**WORK TO COMPLETE:**
Copy exactly the lines of the data below that run from the line holding "VASO TERMICO PERSONAJES CON TAPA Y SORBETE" through the line holding "神鼎可帮助玩家提升战力,是玩", both ends included.

**RECORD EXTRACTS:**

════

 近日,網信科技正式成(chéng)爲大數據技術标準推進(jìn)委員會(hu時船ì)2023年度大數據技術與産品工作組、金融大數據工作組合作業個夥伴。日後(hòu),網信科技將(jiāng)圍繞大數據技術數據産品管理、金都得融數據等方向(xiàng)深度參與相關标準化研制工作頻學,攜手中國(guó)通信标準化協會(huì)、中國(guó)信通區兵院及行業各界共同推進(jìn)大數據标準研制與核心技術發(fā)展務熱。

════

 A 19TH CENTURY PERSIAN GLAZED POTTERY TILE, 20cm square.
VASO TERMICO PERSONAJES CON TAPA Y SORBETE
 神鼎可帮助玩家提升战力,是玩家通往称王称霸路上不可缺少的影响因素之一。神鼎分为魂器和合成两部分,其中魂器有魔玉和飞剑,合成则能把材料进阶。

════

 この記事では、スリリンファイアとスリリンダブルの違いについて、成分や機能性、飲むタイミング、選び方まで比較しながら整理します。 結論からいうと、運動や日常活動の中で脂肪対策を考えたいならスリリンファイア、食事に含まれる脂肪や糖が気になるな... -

════

**ANSWER:**
VASO TERMICO PERSONAJES CON TAPA Y SORBETE
 神鼎可帮助玩家提升战力,是玩家通往称王称霸路上不可缺少的影响因素之一。神鼎分为魂器和合成两部分,其中魂器有魔玉和飞剑,合成则能把材料进阶。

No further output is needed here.